The Greens had previously been strong supporters of the ETS but were now calling the scheme ''National's failed emissions trading scheme'', despite staunchly defending it in the past.

Mr Turner said a climate tax cut, while having a nice ring to it, seemed to be an indirect way of reducing the tax burden on households.

''Unfortunately, this would appear to be giving with one hand and take with the other policy.

''While households will receive a tax break, they presumably will face higher costs, due to polluters passing on the new charge in the cost of the goods and services.''

The Green plan showed New Zealand households would be $319 better off every year under the policy.

However, Mr Turner said the policy ignored higher charges to businesses leading to price rises for things like power, freight and cartage - all items households used and bought.

The 1% reduction in the company tax rate was likely to be a point of debate.

While a drop in the company tax rate helped companies, by leaving more after-tax profit for reinvestment - when those companies distributed profits - a lower company tax rate helped non-residents shareholders because New Zealand residents continued to pay tax at their marginal rates.

''Accordingly, the Greens must hope the reinvestment is designed to offset the charge on polluters. In all, this looks a lot like Robin Hood reinventing himself - taxing businesses more through the carbon tax and farming it back to households through a tax cut,'' Mr Turner said.

University of Otago political scientist Bryce Edwards said the new climate change switch positioned the Greens well for the upcoming election.

''By moving just a little bit more towards the centre, and by reinforcing their growing reputation for pragmatism and mainstream credibility, the Greens are well placed to differentiate themselves from a more crowded electorate market to the left.''

The Greens were also just as capable of making pragmatic U-turns as any other political party, he said.

The party had defended the ETS, even while others pointed out the problems and shortcomings of the scheme.

''In a brazen U-turn, the party is now making strong criticisms of it and campaigning on replacing it with a carbon tax.''

The fact the Greens were suddenly focused on climate change again was also something of a turnaround, Dr Edwards said.

At the last election, the Greens hardly mentioned the issue, instead focusing on ''jobs, rivers, kids''.

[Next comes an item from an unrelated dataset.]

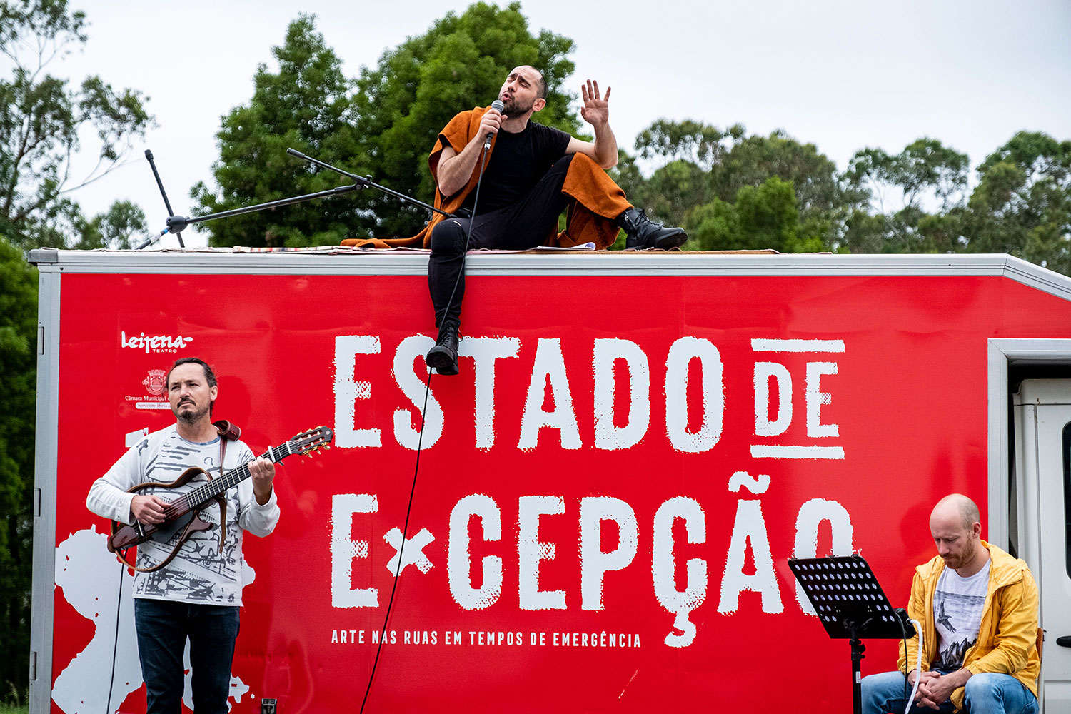 Depois de ter sido obrigada a alterar a programação prevista, por falta de permissão para atuar na via pública, a organização do festival obteve luz verde para estender os espetáculos para lá dos lares, onde “Estado de Excepção” se tem apresentado nas últimas semanas.

This time it appeared climate change was to be the main campaigning weapon.


The proposal
 • A goal of net carbon neutrality by 2050

• Establishment of an independent Climate Commission

• Phasing out of Emissions Trading Scheme

• Initial price on carbon of $25 a tonne on CO2 for all sectors except agriculture. Dairy emissions will pay $12.50 per tonne and forestry will be credited at $12.50 a tonne.

• First $2000 of income will be tax free and a 1% company tax cut.